Polostan
- Author: Neal Stephenson
- Language: English
- Series: Bomb Light
- Release number: 1
- Genre: Historical fiction; Spy fiction; Thriller;
- Set in: Soviet Union, United States, 1933–1934
- Publisher: William Morrow and Company/HarperCollins
- Publication date: October 15, 2024
- Publication place: United States
- Media type: Hardcover (first edition)
- Pages: 312
- ISBN: 9-780-06233-449-7
- Preceded by: none

= Polostan =

2024 novel by Neal Stephenson

Polostan is a 2024 spy novel by American author Neal Stephenson, and the first novel in a planned historical fiction series called Bomb Light.

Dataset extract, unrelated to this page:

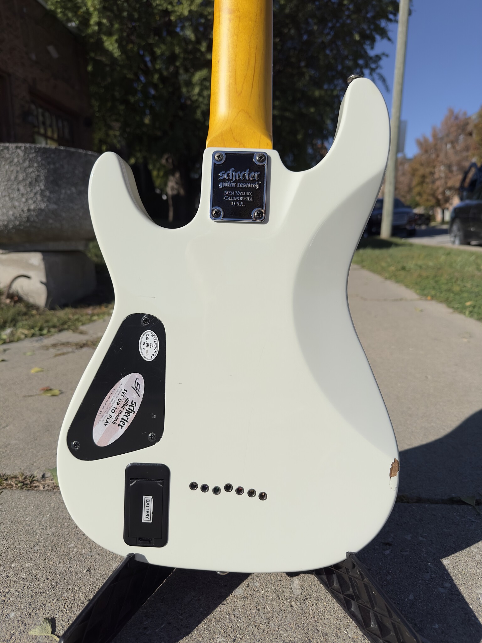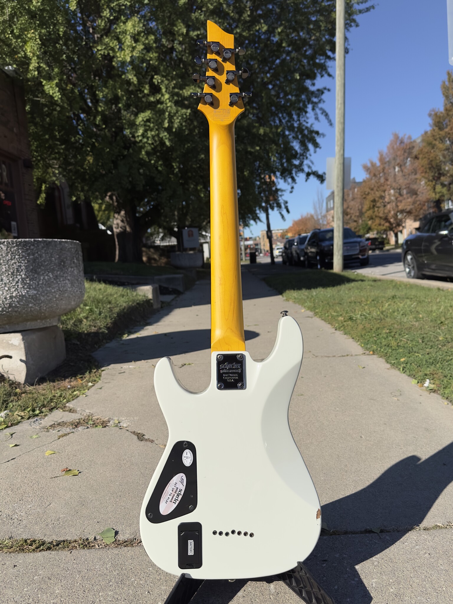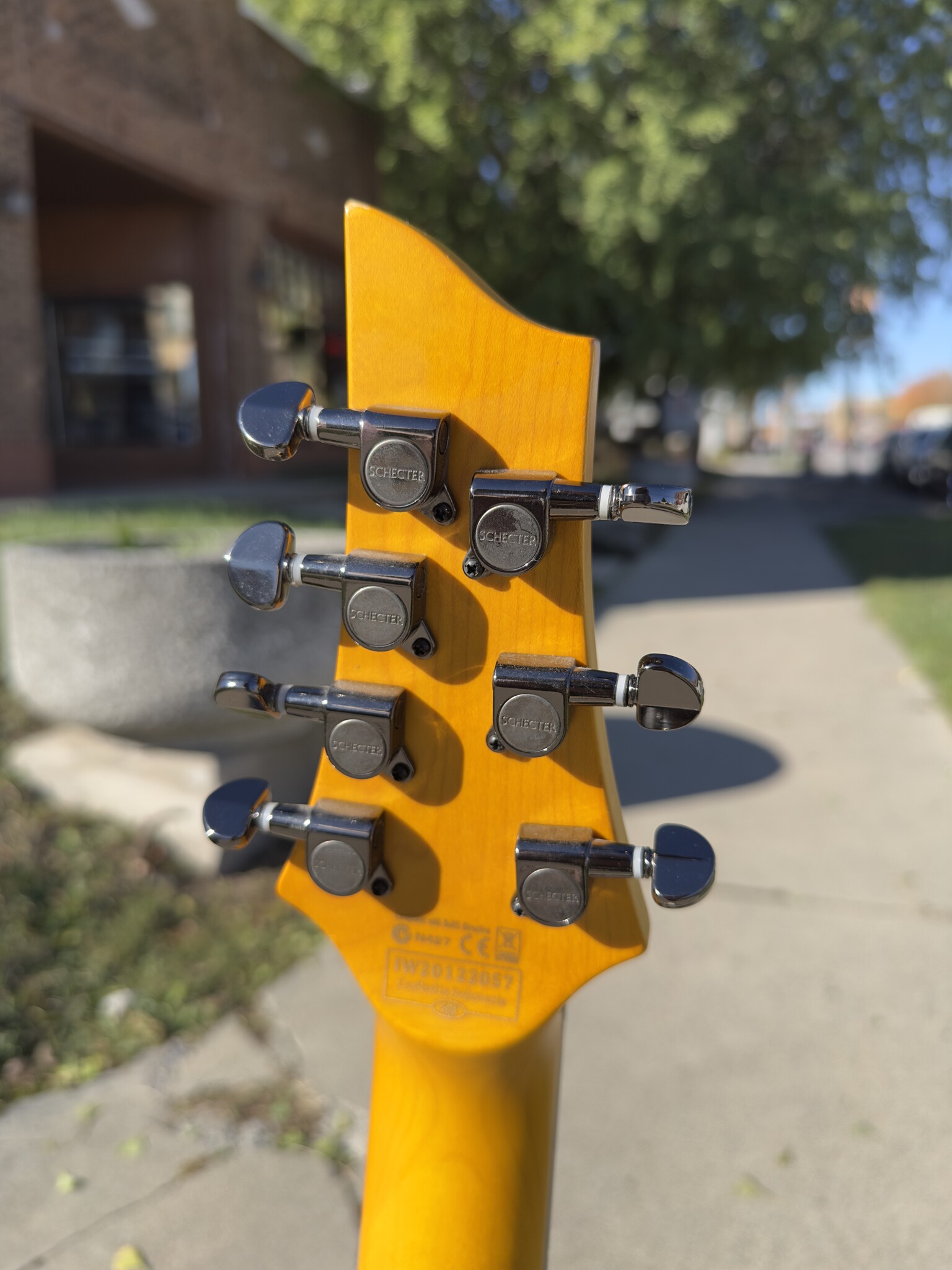 This guitar is used and shows some signs of wear, a large ding is featured on the back of the body and headstock. This guitar includes a gig bag and weighs in at 8.2lbs. Here's more info from Schecter:

The novel received positive reviews from critics like The New York Times, The Washington Post and Kirkus Reviews.

== Plot ==
Set in the early 20th century, Polostan dramatizes the early life of Dawn Rae as she moves between the United States and the Soviet Union amidst the dawn of the Atomic Age. Dawn recounts her time in the States as she is being groomed as a spy for the organization that would eventually become the KGB.

Stephenson references various historical figures and events that occurred in the 1930s, such as General Patton, Lavrentiy Beria and the Century of Progress.